The dough is a Delia recipe with a sachet of squid or cuttlefish ink mixed into it (use a food processor, your hands will thank you for it) which gives it a rich iodine-y tinge, making it taste of the sea.
Then on top of this tasty dark dough the flavour magic really begins to happen. Blended roasted red pepper purée tastes vibrant and sweet but being mixed with natural yogurt has a good amount of sour cutting through it. Then there’s the fluffy goat’s cheese, creamy and distinctive and broken roughly on top and dotted over the stretched out dough. And finally, there’s the salty and rich fresh crab meat, dotted as per the cheese, filling in the gaps on top of the pepper purée.
Together these flavours really are best friends, and out of the oven all they need is a little shredded fresh mint to make it all zing, a generous grind of black pepper and an obligatory glug of your favourite extra virgin.
For two
- Dough as per this Delia recipe, with 1 sachet of squid or cuttlefish ink mixed in when the oil is added
- 1 fresh red pepper, roasted at around 160°C for 40 minutes
- 2 roasted red peppers from a jar, drained
- 1 heaped tablespoons natural yogurt
- 1/2 heaped tablespoon tomato puree
- 1 log of goats cheese (the fluffy sort with no rind)
- 1 dressed crab, white and dark meat from Out of the Blue in Chorlton
- A small handful of fresh meat, shredded jut before using
- Sea salt
- Black pepper
- Extra virgin olive oil
Method
- Make the dough as per Delia’s recipe and while proving, make the red pepper puree by putting into a food processor the red peppers, yogurt, a grind of pepper and scrunch of salt, tomato puree and glug of extra virgin olive oil and blitz. Set aside.
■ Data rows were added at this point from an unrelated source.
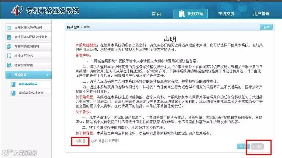 3.进入声明页面,选择“同意”,点击“已阅读”按钮,进入新增费减备案申请页面。
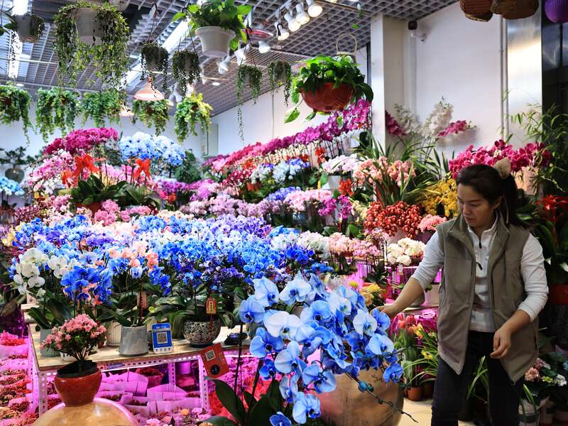 众多花卉中,富有美好寓意的品种尤其受欢迎。在花商刘女士的摊位上,各色兜兰开得正盛。“每天能卖出几十盆,比月初翻了几番。”她笑着说,“很多顾客冲着‘兜住福气’的好彩头来买,每年春节前都是这样。”
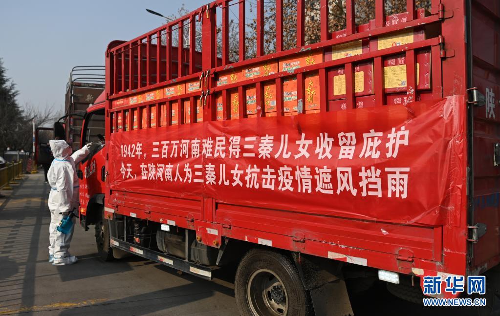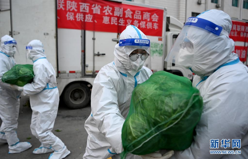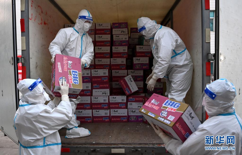 1月2日,西安醫(yī)學(xué)院的學(xué)生志愿者在搬運(yùn)物資。當(dāng)日,陜西省農(nóng)副食品商會向西安醫(yī)學(xué)院捐贈價值40余萬元的愛心蔬菜、食品物資、生活物資。
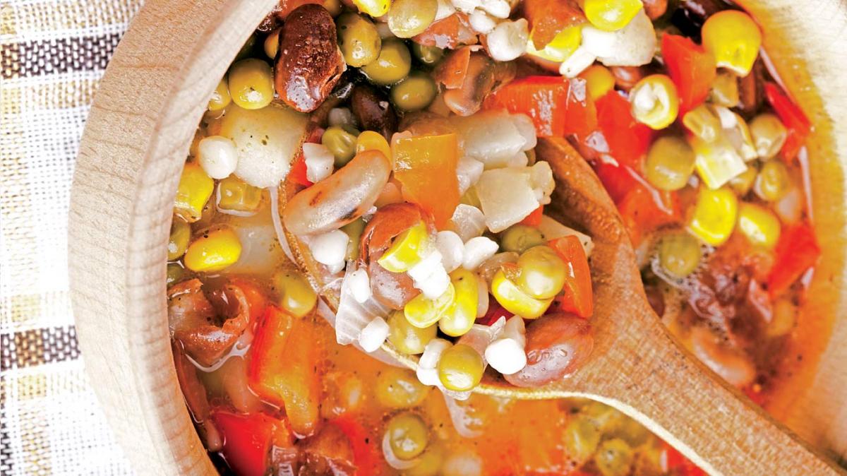 Прибавят се отцедените и изплакнати боб, царевица и грах, и ястието се готви още 2 минути.
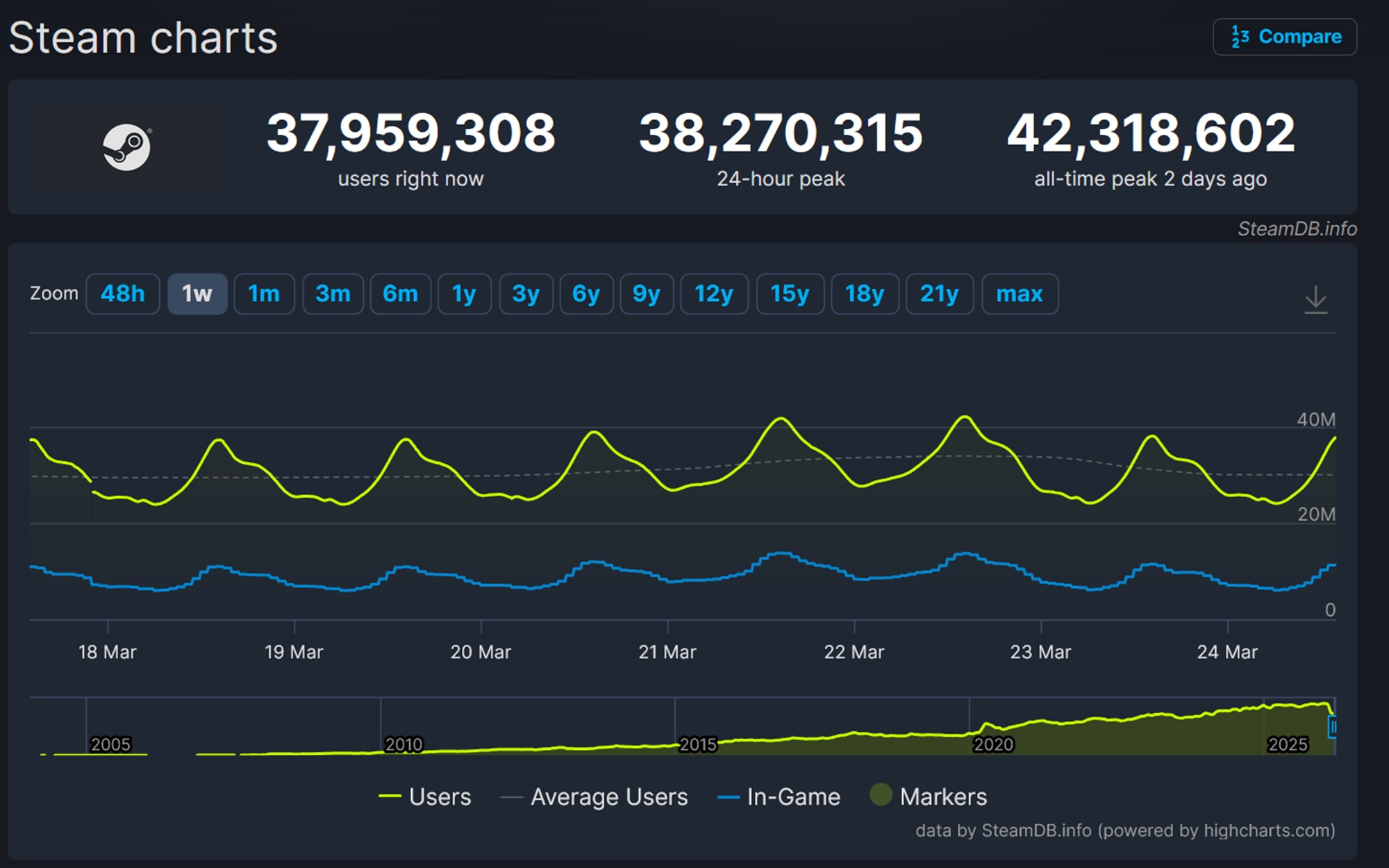 Il semble que chaque mois, Valve établisse un nouveau record pour confirmer sa domination. Le dernier exploit de la place de marché est d'avoir dépassé son précédent record d'utilisateurs simultanés, qui s'élevait à plus de 42 millions de 42 millions d'utilisateurs simultanés en janvier en janvier. Avec la récente Crimson Desert ce chiffre est passé à 42,3 millions le 22 mars.
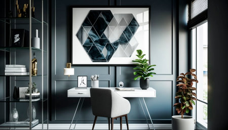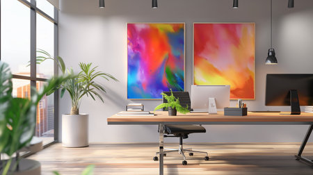 Vibrant home office paintings, murals and inspiring colors., generative AI
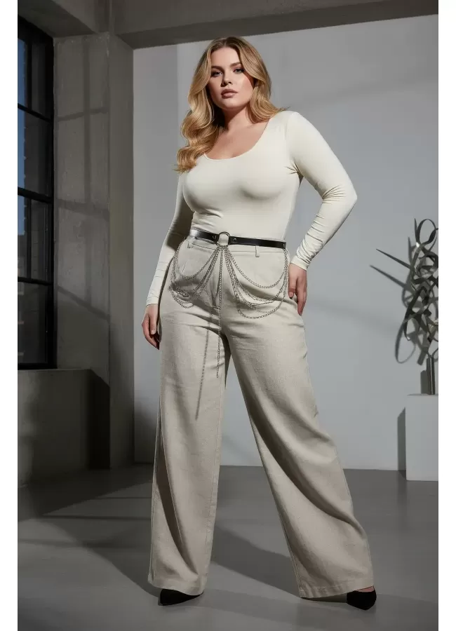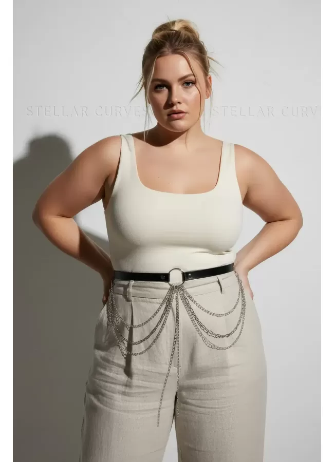 Büyük Beden Taba Kadın Korse Kemer Omuz Askılı Bağcık Detaylı - APFT1429
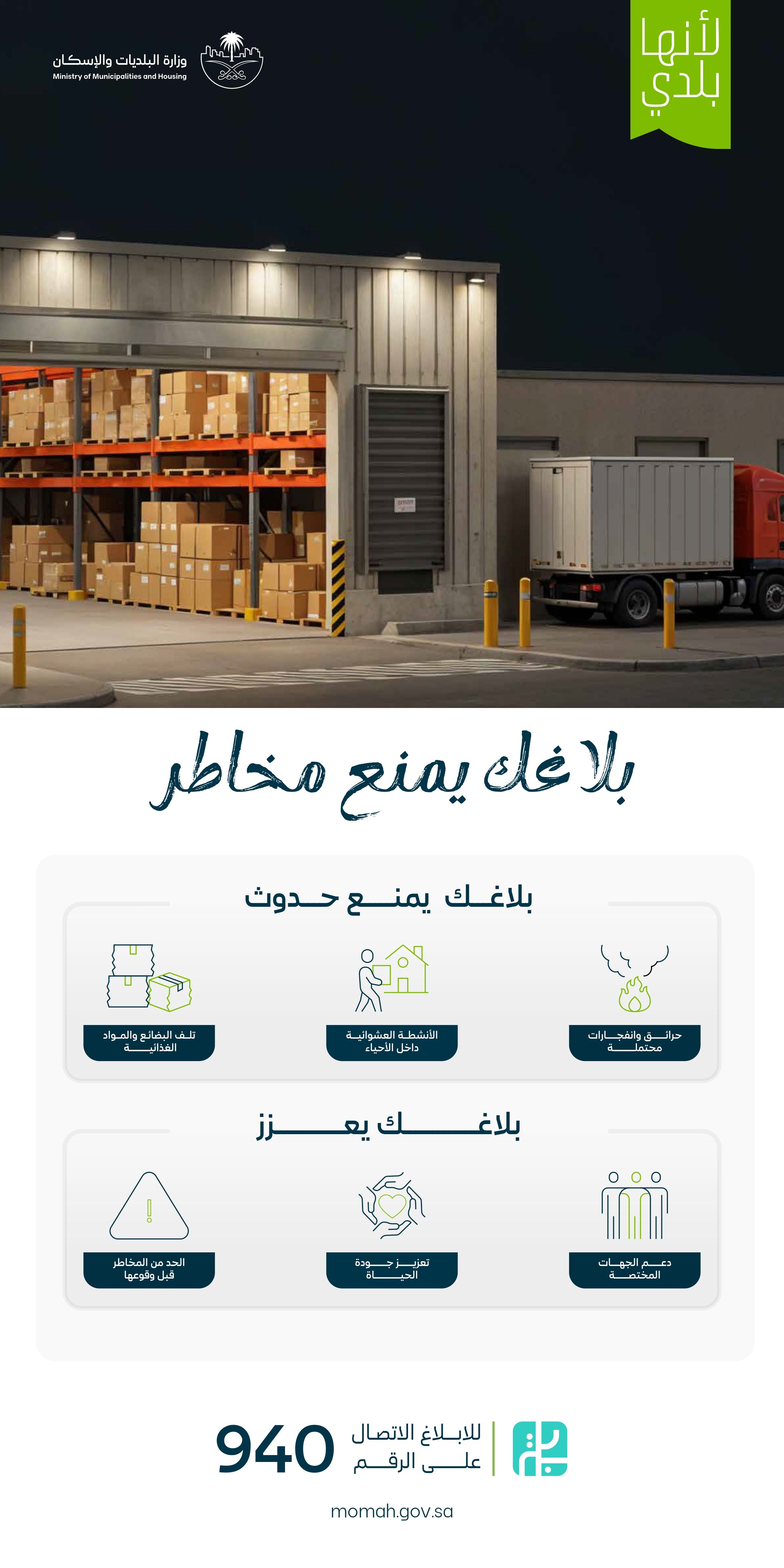 وأفادت الوزارة، بأن الإبلاغ عن التخزين غير المرخّص داخل النطاق العمراني يُسهم في الحد من خطر الحرائق وتلف البضائع والمواد المختلفة، وإيقاف الممارسات والأنشطة العشوائية داخل الأحياء، وتعزيز اتباع إجراءات السلامة والحد من المخاطر قبل وقوعها، وتوفير بيئة آمنة داخل المستودعات بشكل مرخّص ونظامي ومطابق للاشتراطات المعتمدة، إلى جانب تطوير البيئة العمرانية على مستوى المدن، وتحقيق أعلى معايير التنظيم والامتثال.
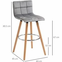 HOMCOM Bar Stool Set Of 2 Armless Upholstered Counter Height Bar Chairs Grey
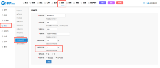 操作步驟: 總部后臺→營銷→積分→積分兌換紅包:添加/編輯紅包時增加每天可兌換次數。每天可兌換次數不能大于每人可兌換次數,每天兌換的次數從當日的零點至翌日的零點計數,每天兌換次數用盡則當天無法繼續兌換紅包。
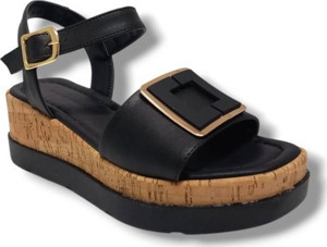 Fancy 2005-25 Deri Yanları Açık Dolgu Topuk Kadın Sandalet - Image 1
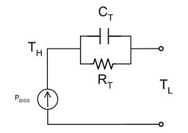 该模拟可以深入进行,以描述器件的另一个热属性,称之为热容。正如将热阻模拟为电阻,可以将热容(CT,单位为J/℃)模拟为电容。将热容与热阻并联获得热阻抗(ZT)。图1所示为传导传热的简化RC模型。能源被模型化为电流源,热阻抗被模型化为CT与RT并联。
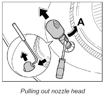 2. Hold the nozzle head at the top and disengage the catch on the spray nozzle with a small screwdriver -A-. The nozzle head is released from the spray nozzle and the spray nozzle moves back into place.
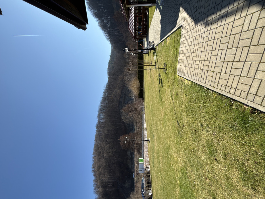 The image displays an outdoor scene in Gabrovo, Bulgaria, likely a recreational or restaurant area situated along the Е85/I-5 highway within the foothills of the Balkan Mountains. The sky is clear blue with a single jet contrail visible in the upper right quadrant. The background features densely forested hillsides covered with bare deciduous trees, indicating a late winter or early spring season. A highway or main road runs horizontally across the mid-ground, with a white truck partially visible. This road is bordered by a continuous white fence line, behind which several green and white container-like structures are present on the left. The central and left foreground is dominated by a large, well-maintained lawn of green grass. A dark-colored sedan is parked partially off-frame to the far left, adjacent to the white fence. Interspersed across the grassy area and along a paved pathway are several ornate, dark-colored street lamps. The foreground and mid-ground on the right side of the image feature a paved path constructed from light grey interlocking paver stones arranged in a herringbone pattern. Shadows from an unseen overhead structure extend across this paved surface. Adjacent to the paved area on the right, a wooden gazebo with a reddish-brown tiled roof is visible, containing tables and benches. A small playground area with colorful equipment, including a red slide and blue swings, is located near the gazebo, along with a white park bench. No individuals are visible in the scene.
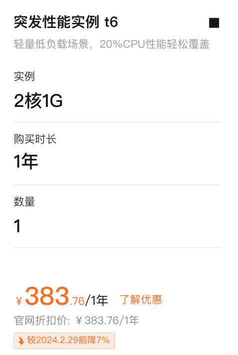 相关服务: 天河ECS突发性能t6费用
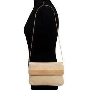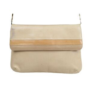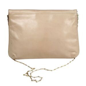 VINTAGE I SANTI MADE IN ITALY CREAM BEIGE LEATHER FLAP CLUTCH SHOULDER BAG PURSE
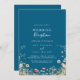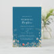 Esta invitación a la boda con flores silvestres de la marina es perfecta para un moderno fiesta post-salida. El diseño se compone de flores silvestres rosas, violetas, amarillas, polvorientas azules, rojas, borgoñonas, montadas en un interminable y delicioso patrón floral que evoca la belleza natural. Las tarjetas RSVP se venden por separado, o puede ver los detalles de RSVP en la parte posterior o inferior de la tarjeta.
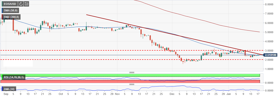 EOS has been trending in the confines of a range with the resistance at $3.0 and range support at $2.0. This sideways trending has lasted since the beginning of December last year. The resistance at $3.0 has proved to be an uphill task, besides the descending trendline is limiting the upward movements as well. The Relative Strength Index (RSI) has been horizontal above 40 since it retreated from the oversold on December 16, 2018. EOS/USD value is likely to stay in the range throughout this weekend’s trading sessions.
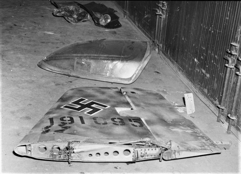 Messerschmitt Me 163B-1a Komet, (Wk. Nr. 191309), captured at Husum, Nordfriesland in Schleswig-Holstein, Germany. Designated RAF AM216, this aircraft’s fate is unknown, likely scrapped in England.
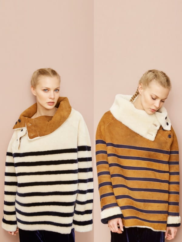 Un pull qui fait aussi manteau tant il est chaud : un concept qui nous séduit, surtout quand on voit le produit ! Mes Demoiselles, la marque gypset parisienne, nous a totalement fait fondre avec son manteau qui s'enfile et qui tient nos corps frileux bien à l'abri des basses tempérétures grâce à sa forme très ample (qui permet d'y glisser un autre pull dessous), son grand col montant et sa matière 100% anti-froid. En effet, le manteau "Arctique" est entièrement en mouton, retourné ou pas puisqu'il a le génie d'être réversible. Un côté en laine blanche et rayures noires avec le col boutonné en peau naturelle, et un côté en peau à rayures bleu marine avec son col tout doux en laine blanche. Chaleur, originalité, élégance et praticité : ce vêtement d'extérieur a tout pour nous subjuguer !
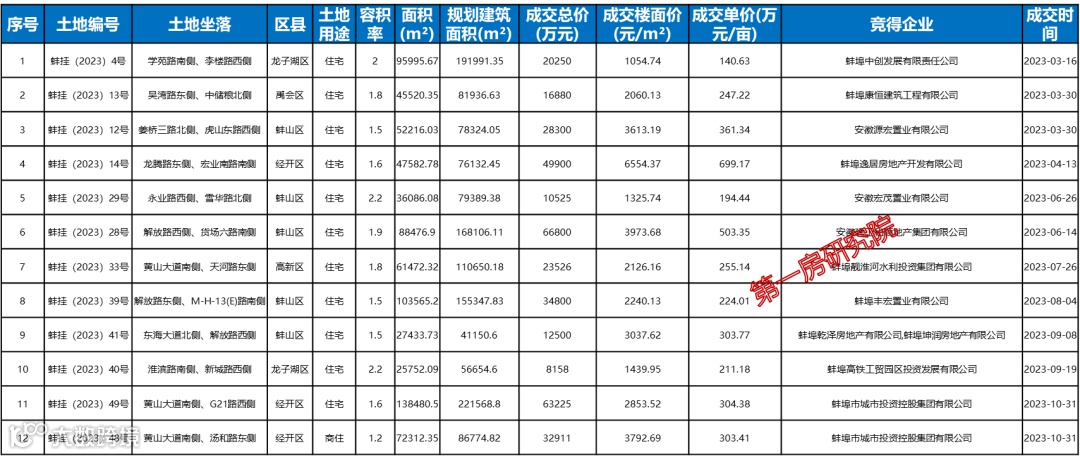 结合今年的出让计划和土地成交情况,预测明年将有以下11宗1495.4亩居住地块待出让,主要分布在蚌山区。
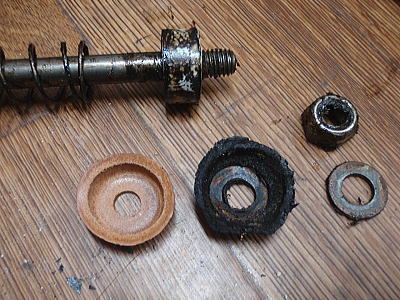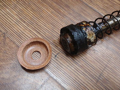 ピストン・シャフトを抜くと、先端に油で固まった真っ黒なパッキン! ヘタってスカスカで圧がかからない状態でした。 新品の皮パッキンとの比較。 |
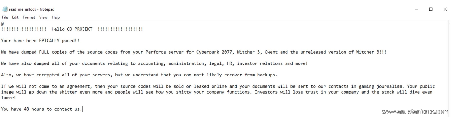 «Привет CD Projekt! Вас эпично поимели!! Мы скачали весь исходный код «Ведьмака 3», Cyberpunk 2077, «Гвинта» и не выпущенной версии «Ведьмака 3»!!! Мы также скачали все документы, которые касаются финансового учета, администрирования, юридического отдела, HR, отношений с инвесторами и другие! Еще мы зашифровали ваши серверы, но понимаем, что вы наверняка сможете восстановить их через бэкап.
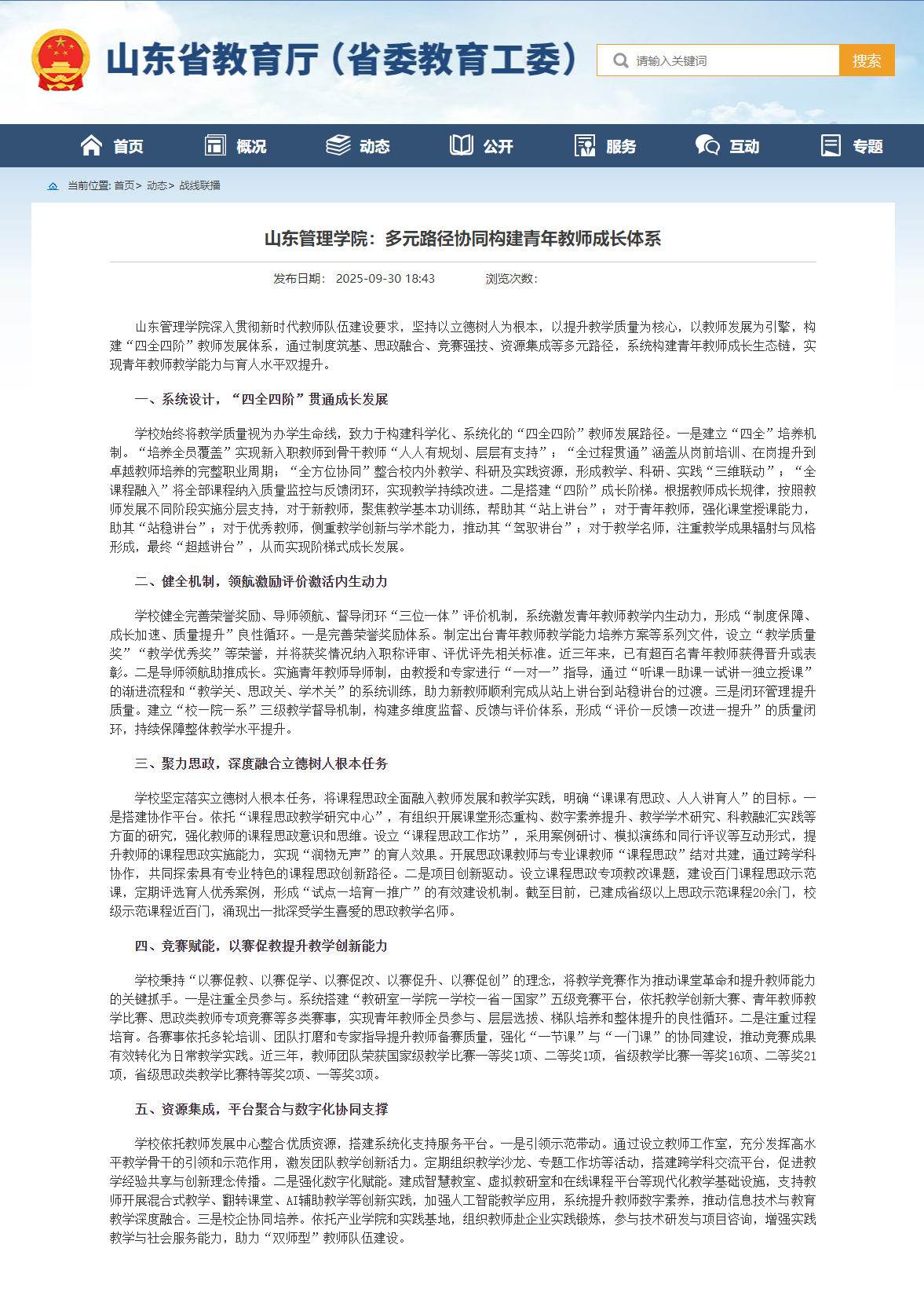 9月30日,山东省教育厅(省委教育工委)以《山东管理学院:多元路径协同构建青年教师成长体系》为题,报道我校深入贯彻新时代教师队伍建设要求,坚持以立德树人为根本,以提升教学质量为核心,以教师发展为引擎,构建“四全四阶”教师发展体系,通过制度筑基、思政融合、竞赛强技、资源集成等多元路径,系统构建青年教师成长生态链,实现青年教师教学能力与育人水平双提升的经验做法。

- Preheat your oven to 220°C.
- When the dough has proven, knock it out of the bowl onto the work surface and push the air out of it, and split the dough in two.
- Put a baking sheet big enough for both pieces of rolled out dough into the oven.
- Dust a clean work surface with ground polenta and roll out each bread in turn, they are really springy so you need to use some force. You’re looking to get them pretty thin.
- Lay both side by side on baking parchment.
- Spoon the red pepper puree over them as you would a regular pizza.
- Crumble the goat’s cheese over the top, followed by the white and dark crab meat. Give a grind of black pepper.
- Take the baking sheet out of the oven and turn it down to 200°C.
- Carefully lift the baking paper with the breads onto the hot baking tray and put back into the oven for 12 to 17 minutes (keep an eye on it – you’re looking for the goat’s cheese to begin to char a little).
- Remove from the oven and give a drizzle of extra virgin and a scattering of fresh mint, a little salt and black pepper. Then eat.